The reply should be an exact repeat of the listing, with no pictures in it.

→ EXERCISE DATA:
□ □ □ □
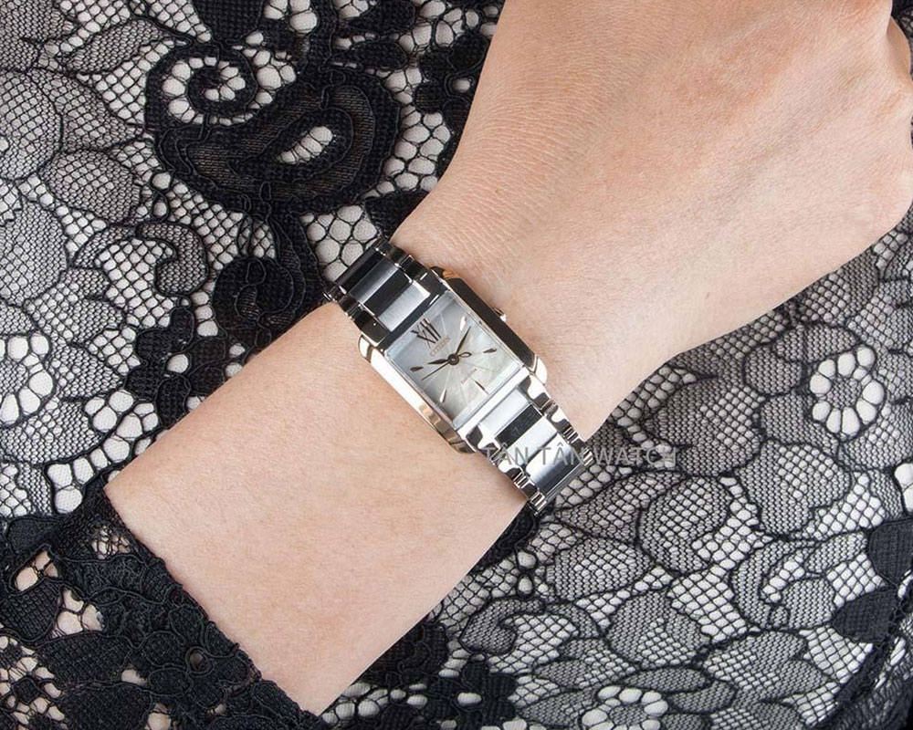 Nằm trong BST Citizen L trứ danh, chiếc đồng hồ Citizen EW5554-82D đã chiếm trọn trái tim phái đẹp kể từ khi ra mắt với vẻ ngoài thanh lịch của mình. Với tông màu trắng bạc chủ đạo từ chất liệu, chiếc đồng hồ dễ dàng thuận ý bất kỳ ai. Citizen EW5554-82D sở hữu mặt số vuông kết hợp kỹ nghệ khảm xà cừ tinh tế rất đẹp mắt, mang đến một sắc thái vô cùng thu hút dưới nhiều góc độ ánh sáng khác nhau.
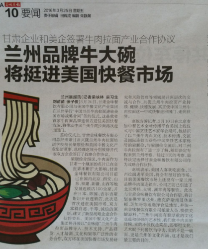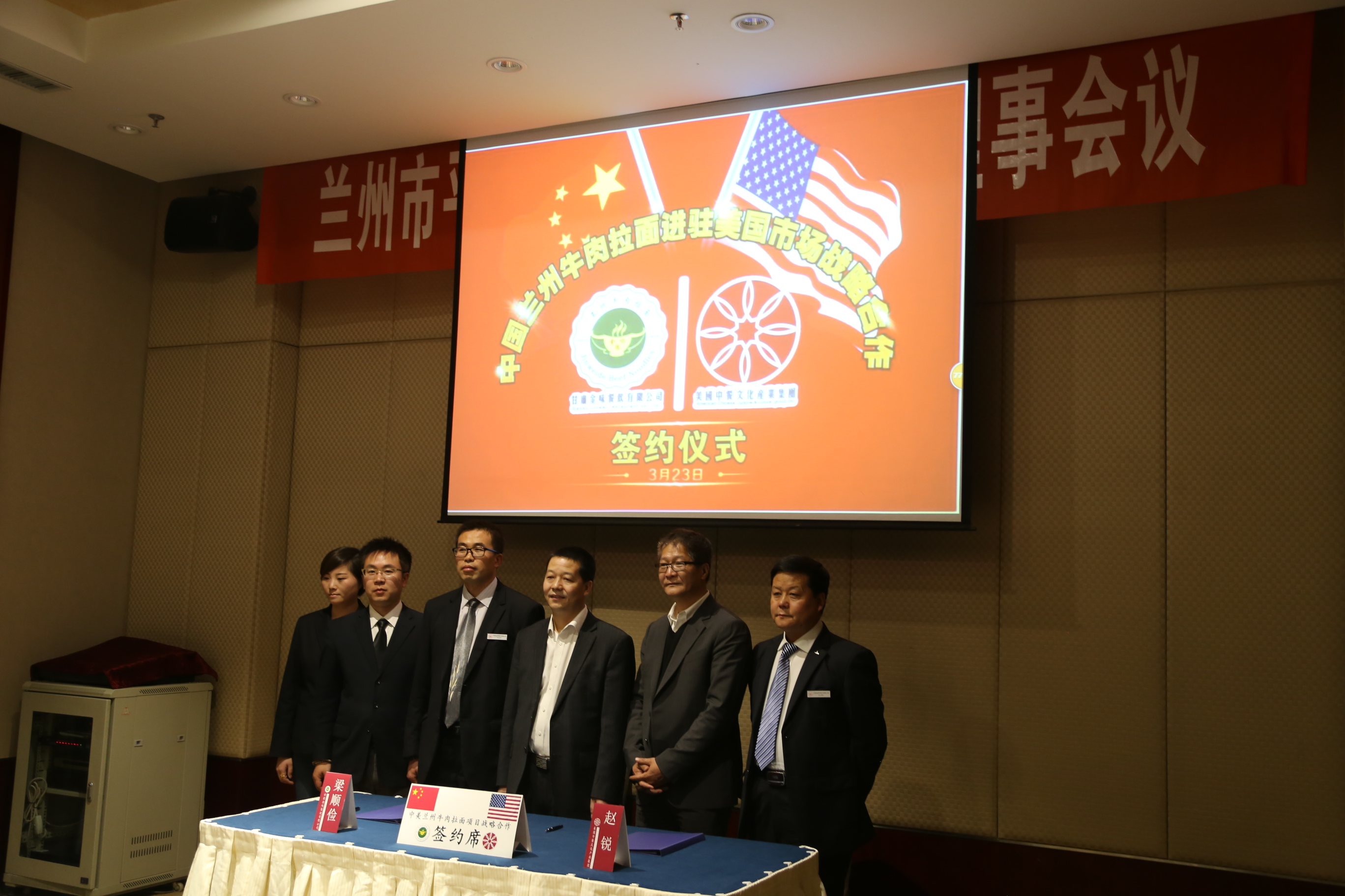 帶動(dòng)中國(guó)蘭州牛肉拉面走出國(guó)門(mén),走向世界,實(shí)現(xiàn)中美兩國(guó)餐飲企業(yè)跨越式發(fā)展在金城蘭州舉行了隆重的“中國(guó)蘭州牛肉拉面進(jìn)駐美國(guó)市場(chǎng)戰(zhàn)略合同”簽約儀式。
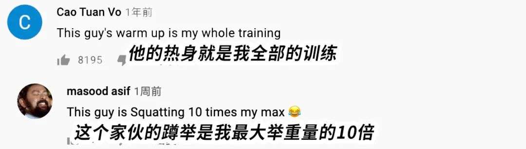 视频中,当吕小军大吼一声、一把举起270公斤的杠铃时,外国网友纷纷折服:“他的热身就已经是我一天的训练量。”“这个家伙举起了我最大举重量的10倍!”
□ □ □ □
→ RESPONSE FOR THIS EXERCISE:
 Nằm trong BST Citizen L trứ danh, chiếc đồng hồ Citizen EW5554-82D đã chiếm trọn trái tim phái đẹp kể từ khi ra mắt với vẻ ngoài thanh lịch của mình. Với tông màu trắng bạc chủ đạo từ chất liệu, chiếc đồng hồ dễ dàng thuận ý bất kỳ ai. Citizen EW5554-82D sở hữu mặt số vuông kết hợp kỹ nghệ khảm xà cừ tinh tế rất đẹp mắt, mang đến một sắc thái vô cùng thu hút dưới nhiều góc độ ánh sáng khác nhau.
 帶動(dòng)中國(guó)蘭州牛肉拉面走出國(guó)門(mén),走向世界,實(shí)現(xiàn)中美兩國(guó)餐飲企業(yè)跨越式發(fā)展在金城蘭州舉行了隆重的“中國(guó)蘭州牛肉拉面進(jìn)駐美國(guó)市場(chǎng)戰(zhàn)略合同”簽約儀式。
 视频中,当吕小军大吼一声、一把举起270公斤的杠铃时,外国网友纷纷折服:“他的热身就已经是我一天的训练量。”“这个家伙举起了我最大举重量的10倍!”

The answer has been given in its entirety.